Start of Block

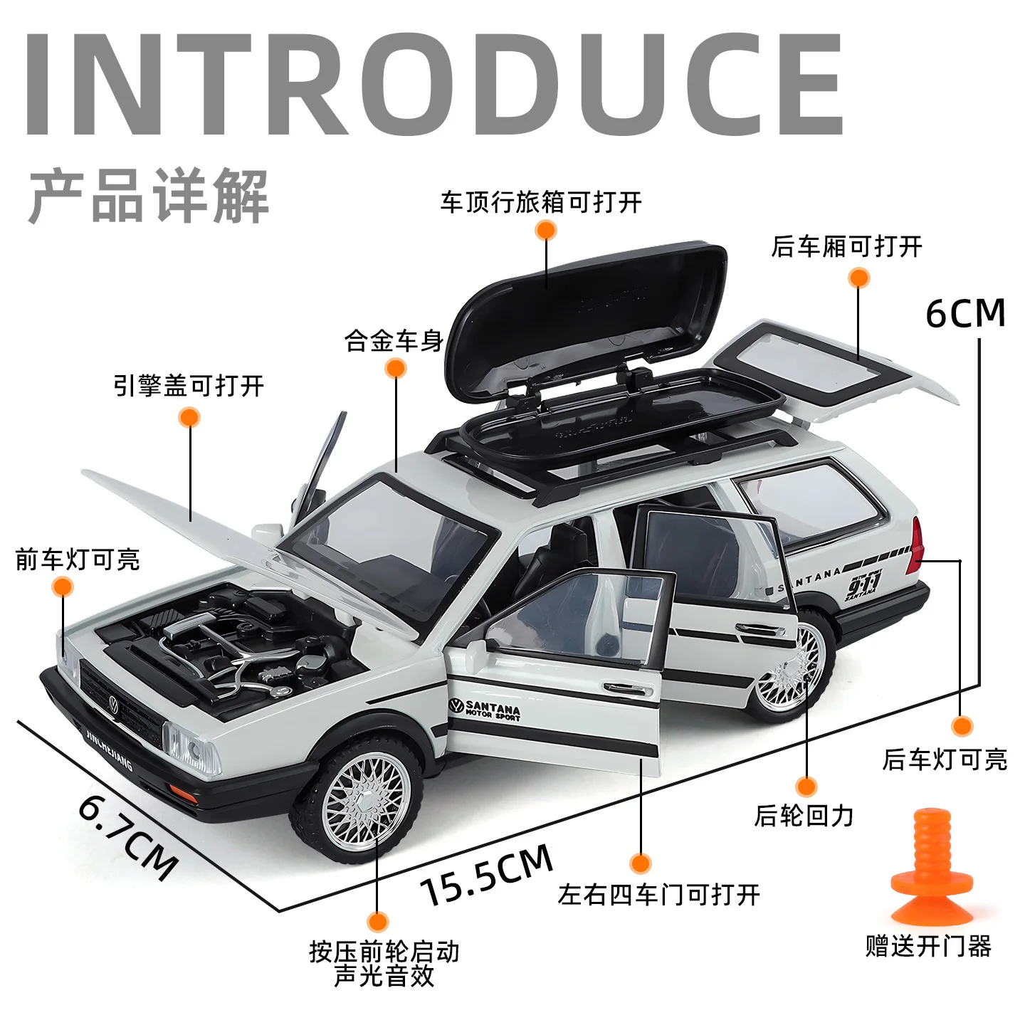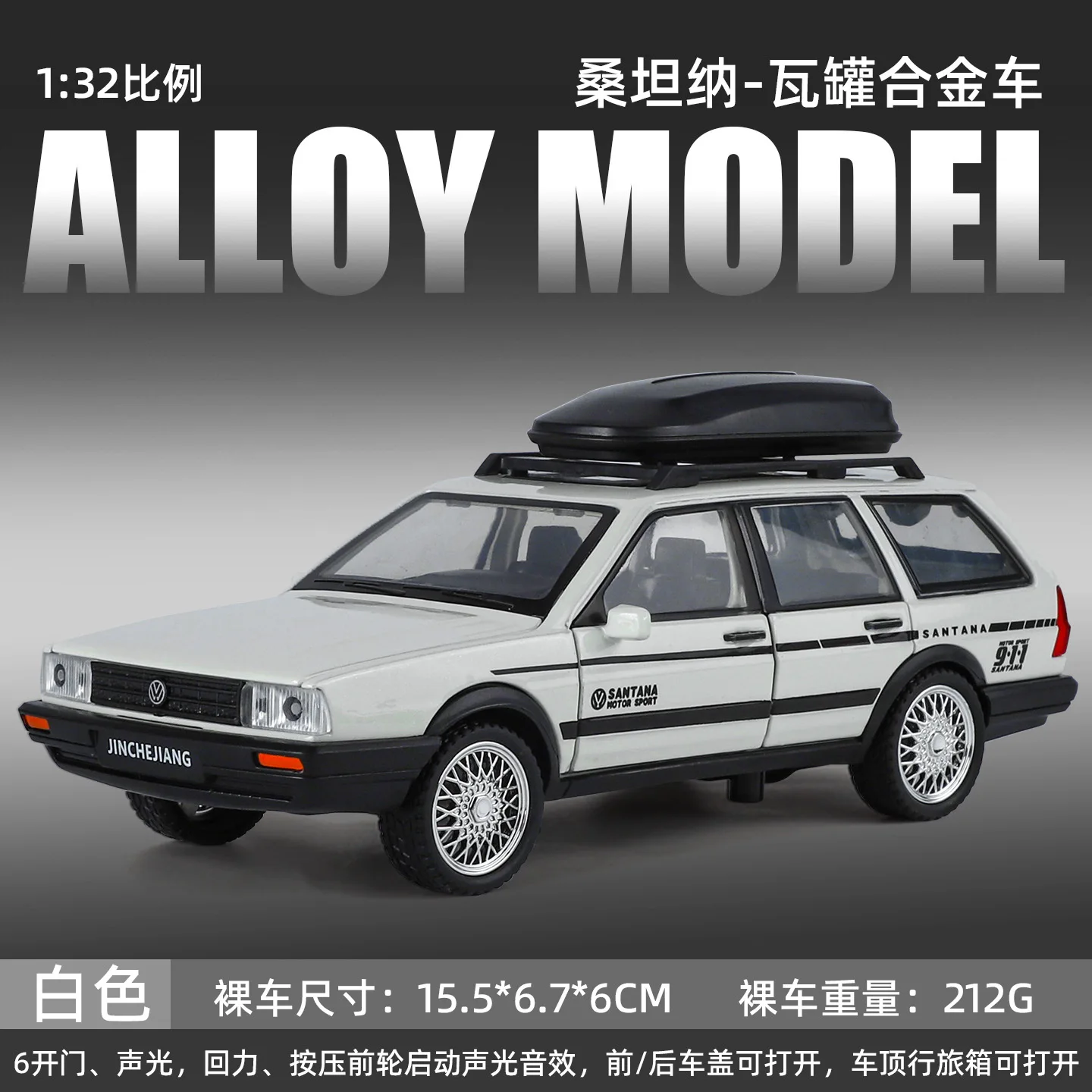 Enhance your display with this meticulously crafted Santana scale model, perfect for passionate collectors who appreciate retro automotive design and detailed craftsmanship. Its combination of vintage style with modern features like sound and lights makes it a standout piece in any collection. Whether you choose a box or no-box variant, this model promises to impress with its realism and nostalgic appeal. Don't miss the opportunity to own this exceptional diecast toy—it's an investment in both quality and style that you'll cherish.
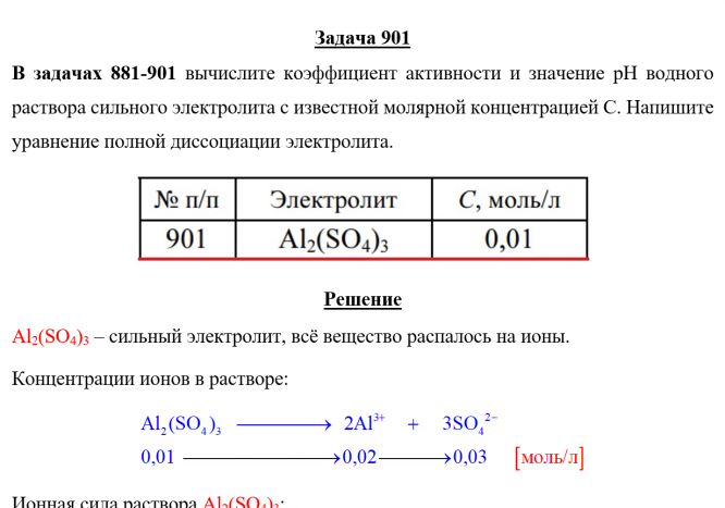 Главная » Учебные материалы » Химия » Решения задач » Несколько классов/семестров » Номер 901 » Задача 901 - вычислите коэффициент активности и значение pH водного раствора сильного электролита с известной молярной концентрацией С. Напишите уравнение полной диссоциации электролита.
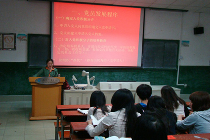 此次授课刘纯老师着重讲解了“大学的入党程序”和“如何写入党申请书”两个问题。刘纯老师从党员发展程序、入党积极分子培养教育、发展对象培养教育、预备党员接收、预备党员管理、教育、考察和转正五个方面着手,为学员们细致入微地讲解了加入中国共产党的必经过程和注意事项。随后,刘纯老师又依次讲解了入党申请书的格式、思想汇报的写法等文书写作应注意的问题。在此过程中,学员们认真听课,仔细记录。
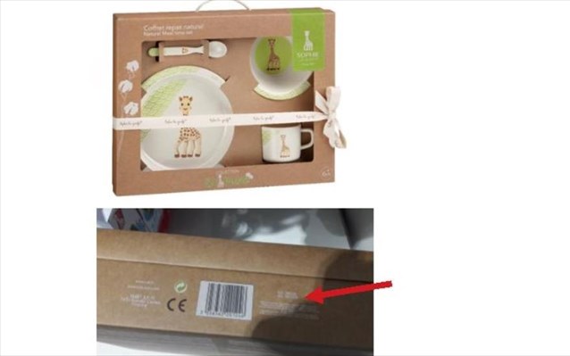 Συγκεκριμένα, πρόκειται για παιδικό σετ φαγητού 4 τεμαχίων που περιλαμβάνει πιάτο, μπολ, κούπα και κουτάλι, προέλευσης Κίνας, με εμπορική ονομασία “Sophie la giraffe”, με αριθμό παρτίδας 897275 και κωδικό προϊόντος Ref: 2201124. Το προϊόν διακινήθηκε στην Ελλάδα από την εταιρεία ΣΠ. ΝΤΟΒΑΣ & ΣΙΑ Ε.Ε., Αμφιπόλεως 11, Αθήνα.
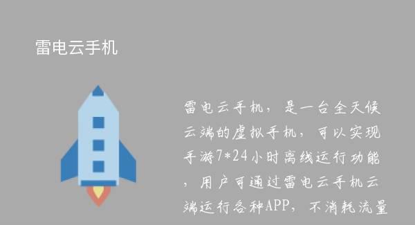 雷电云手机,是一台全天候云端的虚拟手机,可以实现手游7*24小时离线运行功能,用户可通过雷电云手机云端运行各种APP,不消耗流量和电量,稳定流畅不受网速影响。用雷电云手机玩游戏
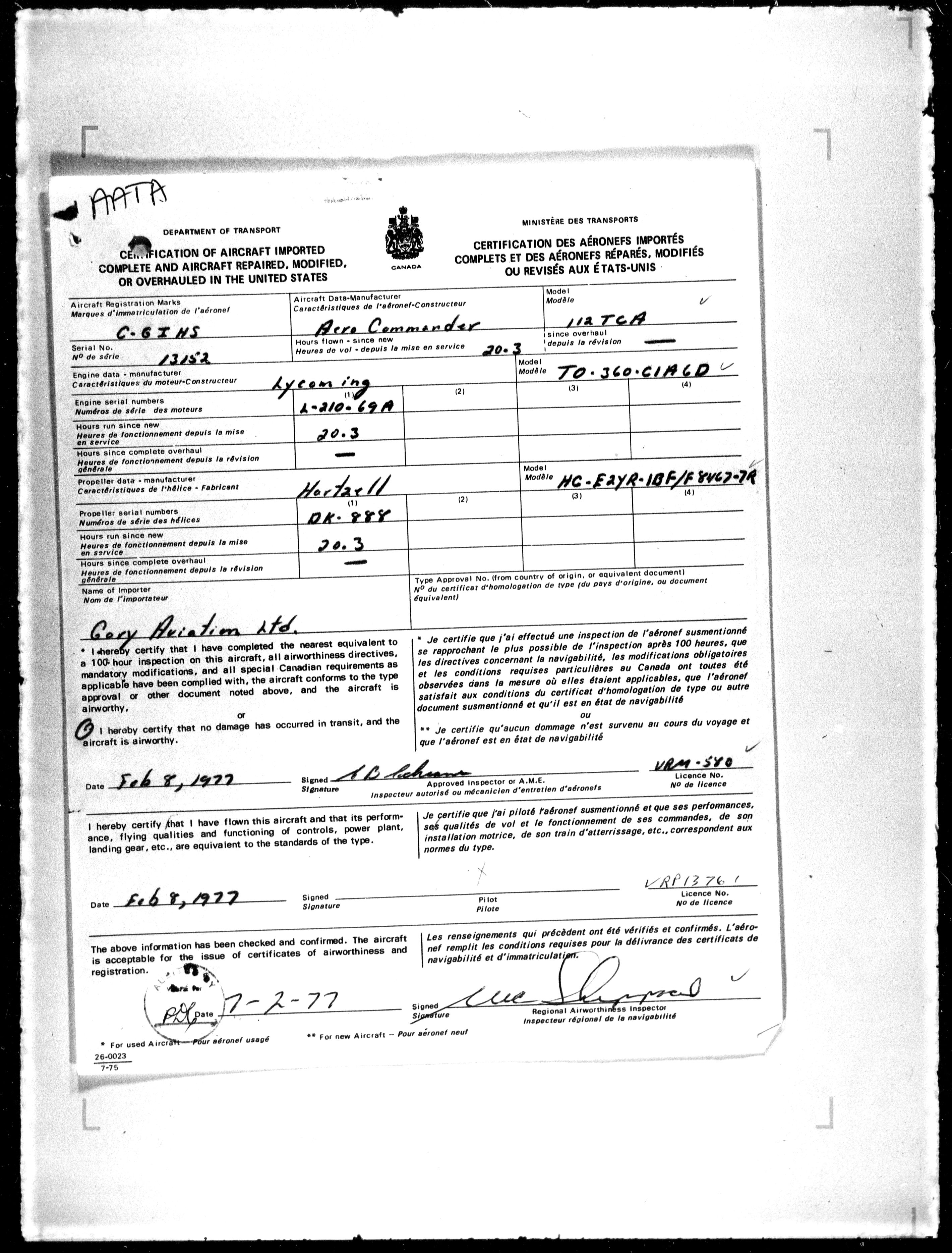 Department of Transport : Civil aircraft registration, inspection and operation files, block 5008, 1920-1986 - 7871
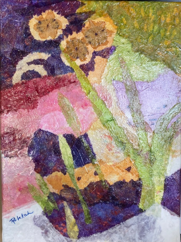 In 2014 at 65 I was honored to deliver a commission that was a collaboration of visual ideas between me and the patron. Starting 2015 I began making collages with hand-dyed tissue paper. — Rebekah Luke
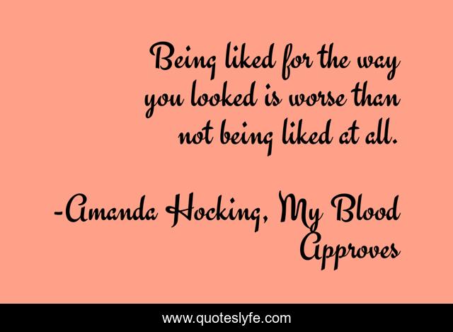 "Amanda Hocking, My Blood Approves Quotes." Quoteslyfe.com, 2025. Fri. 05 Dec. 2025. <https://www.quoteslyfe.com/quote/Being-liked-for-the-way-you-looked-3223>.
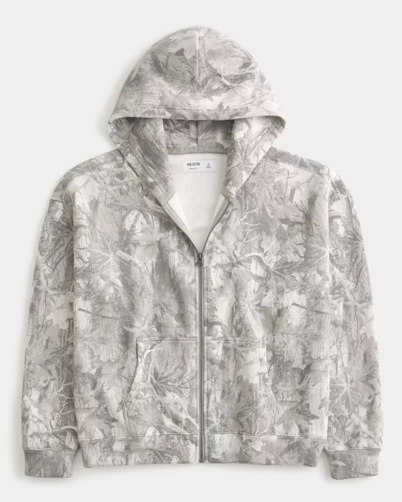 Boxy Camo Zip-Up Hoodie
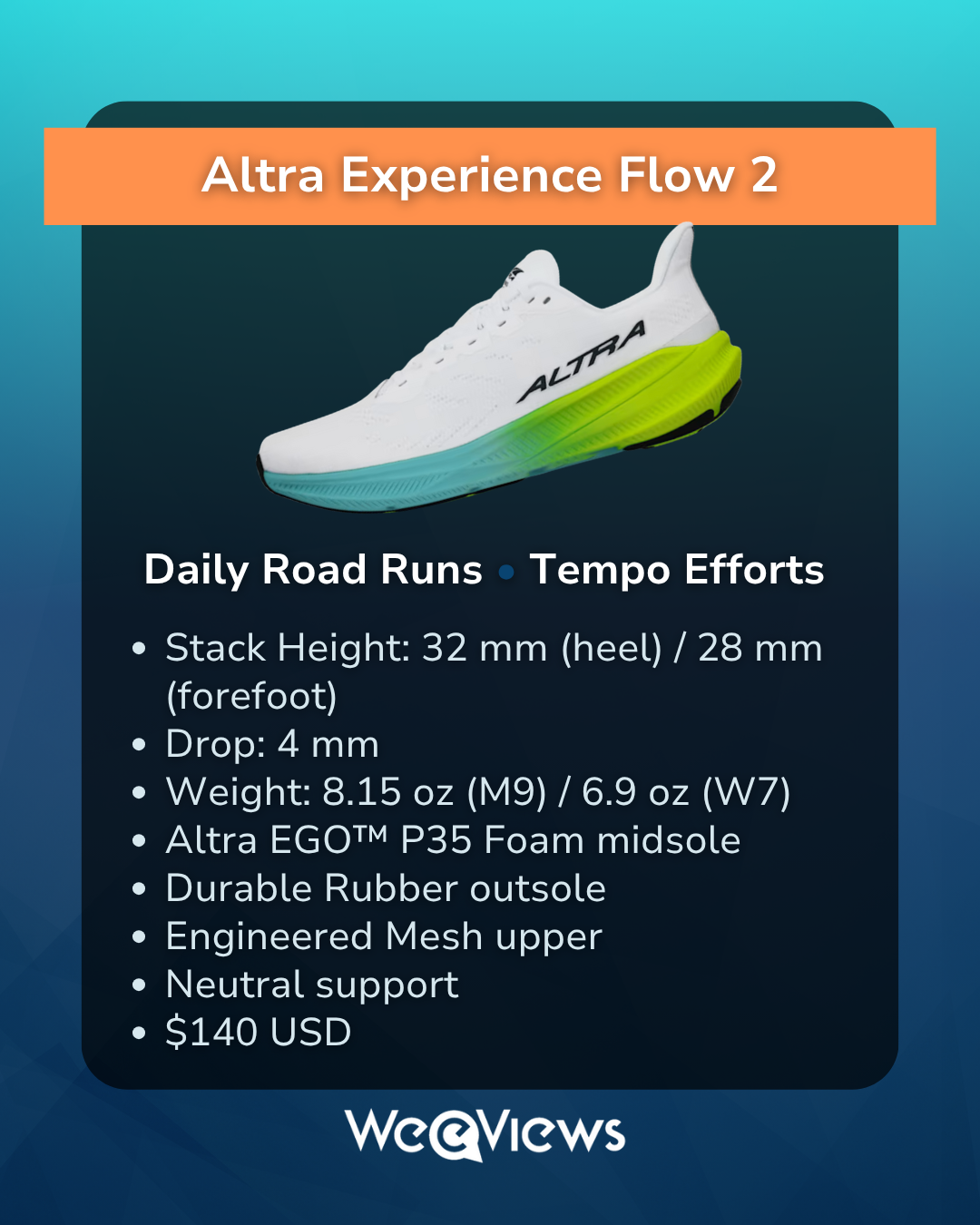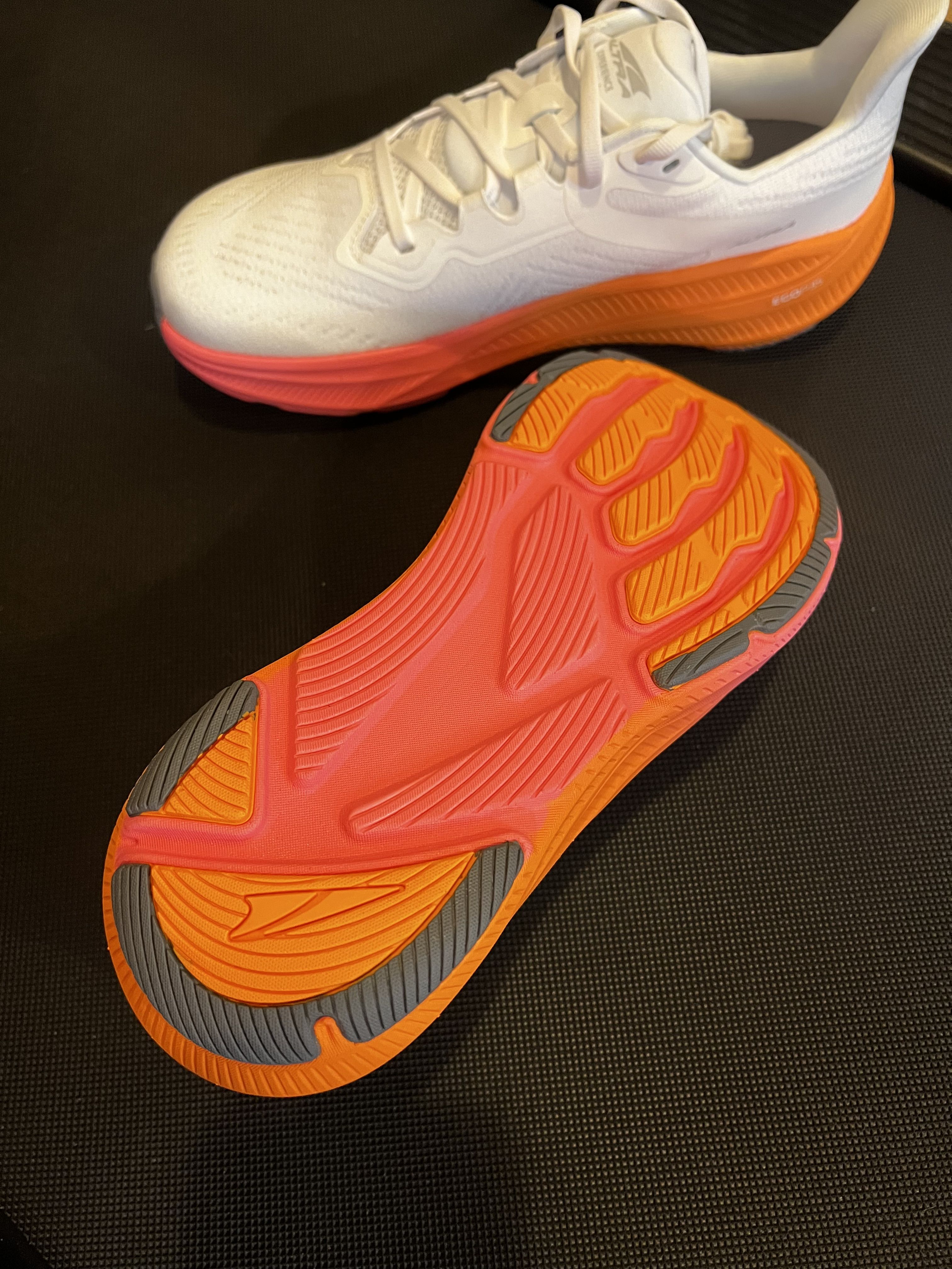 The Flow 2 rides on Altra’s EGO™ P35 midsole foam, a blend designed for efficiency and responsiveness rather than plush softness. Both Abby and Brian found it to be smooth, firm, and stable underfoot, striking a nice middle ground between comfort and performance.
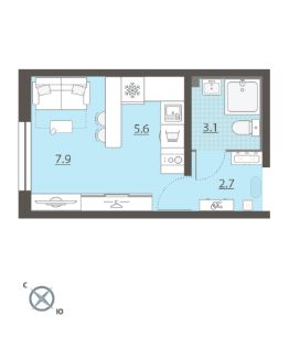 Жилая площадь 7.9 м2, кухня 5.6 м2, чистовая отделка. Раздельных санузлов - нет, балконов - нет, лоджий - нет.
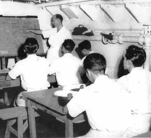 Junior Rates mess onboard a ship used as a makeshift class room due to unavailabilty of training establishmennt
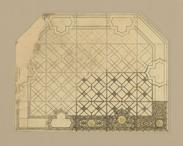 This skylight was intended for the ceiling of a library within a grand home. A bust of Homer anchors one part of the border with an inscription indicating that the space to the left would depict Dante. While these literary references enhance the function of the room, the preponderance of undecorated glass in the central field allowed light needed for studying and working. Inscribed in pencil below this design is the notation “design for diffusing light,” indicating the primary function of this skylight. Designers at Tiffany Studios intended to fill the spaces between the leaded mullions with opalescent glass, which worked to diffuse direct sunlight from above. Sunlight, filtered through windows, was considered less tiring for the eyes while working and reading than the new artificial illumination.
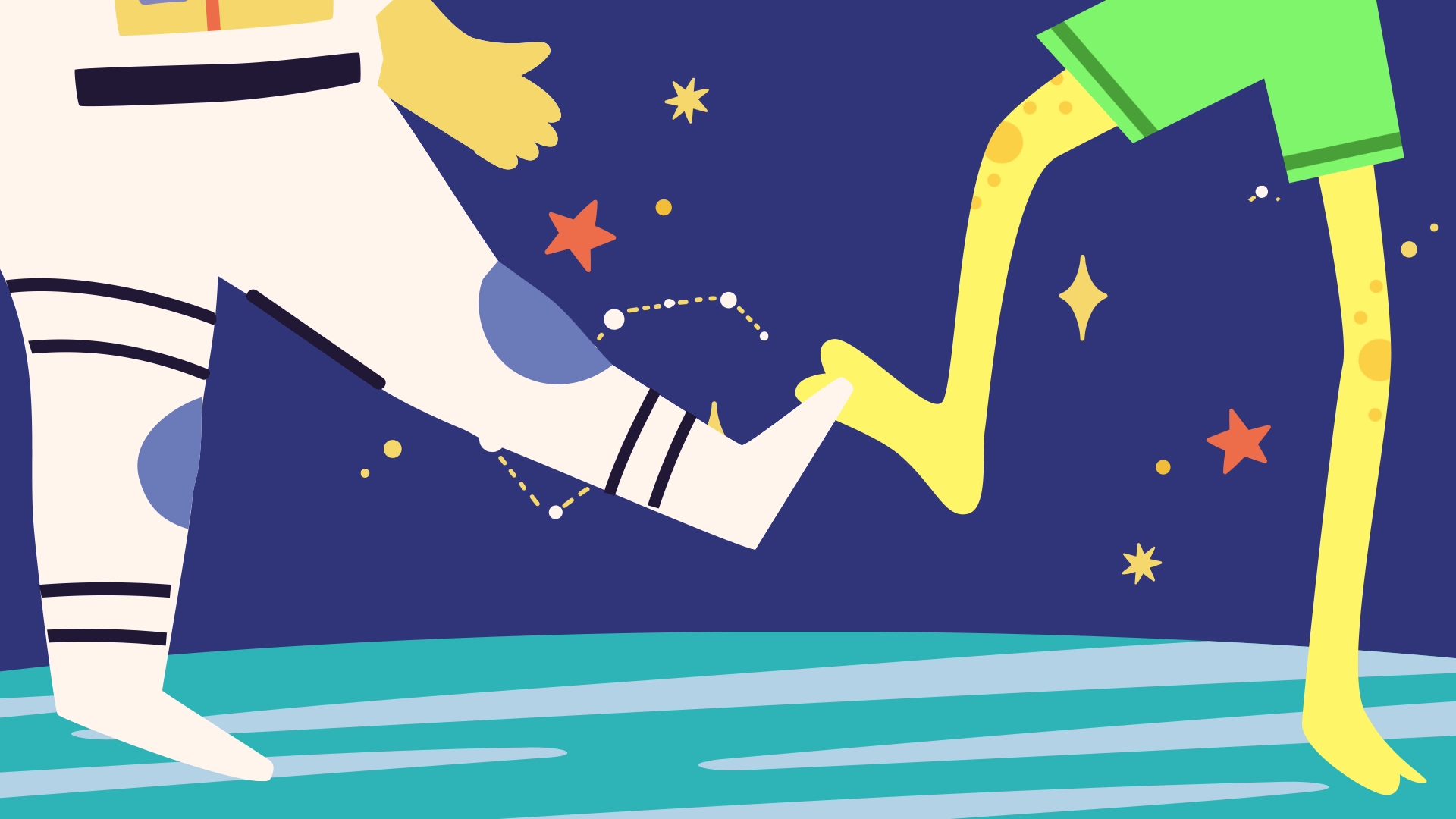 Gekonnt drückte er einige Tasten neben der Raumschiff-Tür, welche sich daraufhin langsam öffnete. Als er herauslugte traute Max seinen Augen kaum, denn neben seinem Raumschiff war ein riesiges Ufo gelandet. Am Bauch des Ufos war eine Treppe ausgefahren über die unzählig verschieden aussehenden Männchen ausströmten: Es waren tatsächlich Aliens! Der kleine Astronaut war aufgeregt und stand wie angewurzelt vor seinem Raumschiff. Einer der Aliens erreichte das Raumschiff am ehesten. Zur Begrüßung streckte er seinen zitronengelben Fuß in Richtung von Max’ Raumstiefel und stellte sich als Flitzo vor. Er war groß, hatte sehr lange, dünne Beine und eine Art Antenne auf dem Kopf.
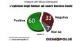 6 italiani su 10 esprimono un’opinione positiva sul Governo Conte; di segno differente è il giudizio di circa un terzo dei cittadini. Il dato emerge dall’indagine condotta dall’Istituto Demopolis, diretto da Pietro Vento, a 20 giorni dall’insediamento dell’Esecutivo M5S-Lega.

End of Block

What you need to produce is an exact copy of the entries above, limited to the lines from the one with "Boxy Camo Zip-Up Hoodie" up to and including the one with "This skylight was", without pictures.

TASK RESULT –
 Boxy Camo Zip-Up Hoodie
 The Flow 2 rides on Altra’s EGO™ P35 midsole foam, a blend designed for efficiency and responsiveness rather than plush softness. Both Abby and Brian found it to be smooth, firm, and stable underfoot, striking a nice middle ground between comfort and performance.
 Жилая площадь 7.9 м2, кухня 5.6 м2, чистовая отделка. Раздельных санузлов - нет, балконов - нет, лоджий - нет.
 Junior Rates mess onboard a ship used as a makeshift class room due to unavailabilty of training establishmennt
 This skylight was intended for the ceiling of a library within a grand home. A bust of Homer anchors one part of the border with an inscription indicating that the space to the left would depict Dante. While these literary references enhance the function of the room, the preponderance of undecorated glass in the central field allowed light needed for studying and working. Inscribed in pencil below this design is the notation “design for diffusing light,” indicating the primary function of this skylight. Designers at Tiffany Studios intended to fill the spaces between the leaded mullions with opalescent glass, which worked to diffuse direct sunlight from above. Sunlight, filtered through windows, was considered less tiring for the eyes while working and reading than the new artificial illumination.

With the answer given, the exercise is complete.